The term “legalization of drugs” often invokes sharp responses and harsh denunciations from legal communities and political parties throughout the world. Such rebukes occurred in considerable form in 2001 when the Canadian legislature approved specific regulations allowing the use of marijuana by people with serious illness. Critics of the measure have since repeatedly voiced concerns that the regulation would ease restrictions, thereby permitting individuals who are not suffering from a degenerative illness to more readily acquire narcotics. Similar responses have been forthcoming from many camps within both the United States and Mexico concerning a recent bill approved by Mexico’s Congress that legalizes drug possession for personal use, whereby possessing small amounts of marijuana, cocaine, heroin, and/or ecstasy would no longer be punishable by imprisonment.
Such a bill conjures up images of a drug user’s utopia where anyone can travel to Mexico and engage in illicit behavior, indulging their harmful addictions. Rather, the bill is attempting to both address deficiencies within the Mexican legal system and curtail the escalating drug war that is flourishing throughout Mexico. Under the bill, people would be allowed to possess 2.2 pounds of peyote, up to 25 milligrams of heroin, 5 grams of marijuana, and 0.5 grams of cocaine.
However, in addition to the legalization of specific quantities of narcotics for consumption, the bill also stiffens penalties for trafficking and possessing drugs by government employees or near schools. Further, all sales of these drugs will remain illegal. The continuation of the legal provision, therefore, seems effectively to limit the ability of individuals to acquire legal narcotics for personal consumption. More importantly, the bill will target the common street-corner drug pusher and will limit the amount of discretion Mexican judges will have when deciding an adequate punishment for individuals arrested for possessing illegal quantities or selling those drugs.

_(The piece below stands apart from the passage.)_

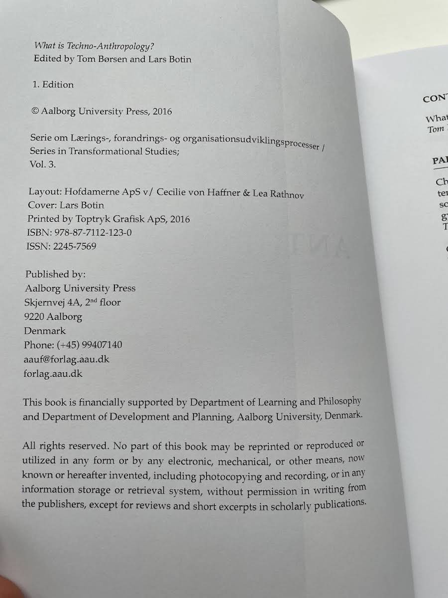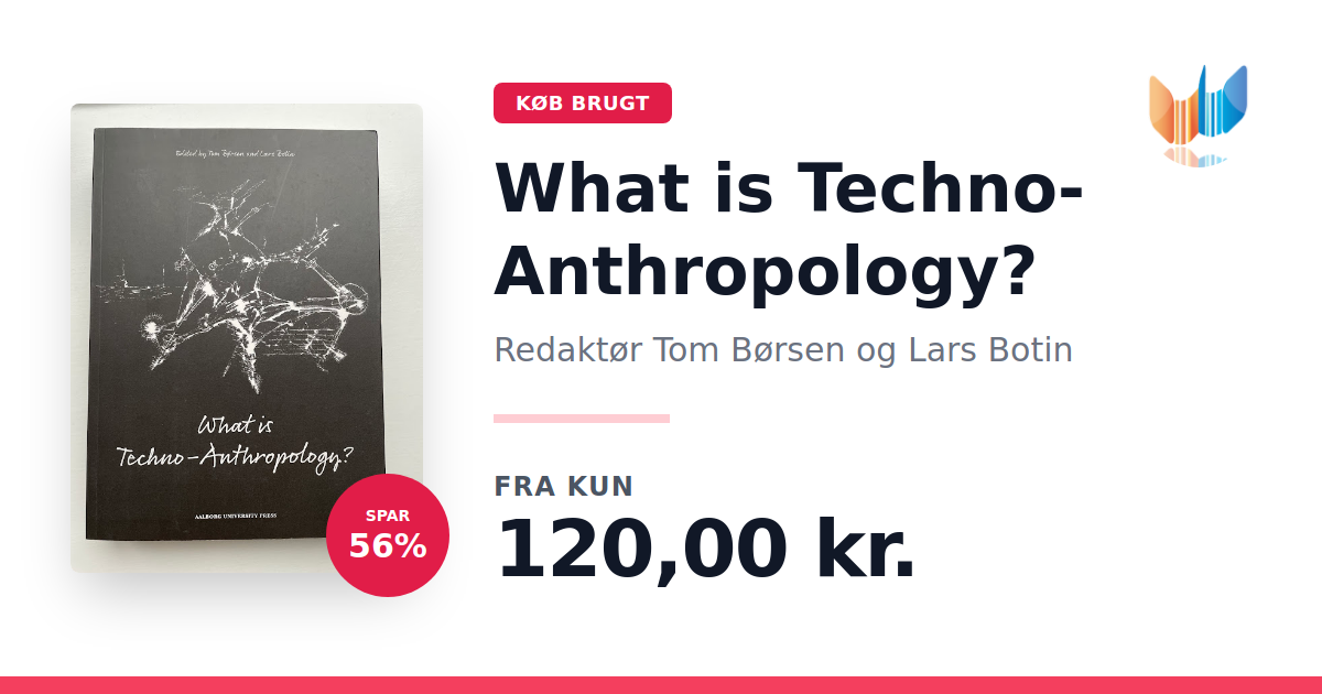 What is Techno-Anthropology? er en antologi redigeret af Tom Børsen og Lars Botin og udgivet af Aalborg Universitetsforlag i 2013. Med sine 483 sider samler værket en række bidrag, der hver især udforsker feltet techno-antropologi fra forskellige vinkler. Techno-antropologi bryder med traditionelle skel mellem mennesker og teknologi samt naturvidenskab og humaniora. Feltet skaber nye perspektiver ved at fokusere på samspillet mellem teknologiske artefakter og deres brugere og ved at bygge bro mellem fagdiscipliner og professionelle praktikker. I bogen præsenteres bl.a. etnografisk feltarbejde i teknologimiljøer, tværfaglige syn på uddannelse, samarbejde og kommunikation, filosofiske analyser og etiske overvejelser omkring nye teknologier. Desuden sættes der fokus på digital antropologi og designmetoder inspireret af antropologisk tænkning. What is Techno-Anthropology? henvender sig til forskere og praktikere inden for antropologi, ingeniørvidenskab, filosofi, design, sociologi, planlægning, undervisning, innovation og beslutningstagning.

Previously, Mexican law allowed judges to determine if individuals caught with drugs were drug addicts and unable to control their addiction. In such an occurrence, the judge could drop the charges. However, corruption plagues the judiciary branch in Mexico, and judges and prosecutors were often bribed for lenient sentences. The bill will remove the discretionary ability of judges and prosecutors, ensuring an equal and standard approach toward individuals who break the law.
Although legalization of specific quantities of narcotics has prompted opponents of the bill to state that US citizens will seek to travel to Mexico so as to indulge their addictions, US Embassy personnel continue to warn against this belief. Penalties remain severe for individuals found surpassing legal limits. Legalization should not be viewed as an open invitation for US drug addicts. In combination with ongoing enforcement activities by Mexican authorities, US citizens traveling to Mexico for such purposes may also be targeted for petty criminal activity.
The rampant and escalating levels of violence perpetrated by Mexican drug cartels is often the product of low level narco-runners and traffickers staking claims on specific locations in Mexican cities. Although Mexican law enforcement personnel have expressed their contempt with the new law, citing contradictions in policy, experts in the US, including Ana Maria Salazar, a former Pentagon anti-drug official, believe the law will make it easier to convict street-corner drug pushers and apprehend and prosecute small groups of drug smugglers. The law represents a radical approach to the war on drugs and could prove to be an effective means of isolating and eventually eliminating the narcotic elements of the Mexican state.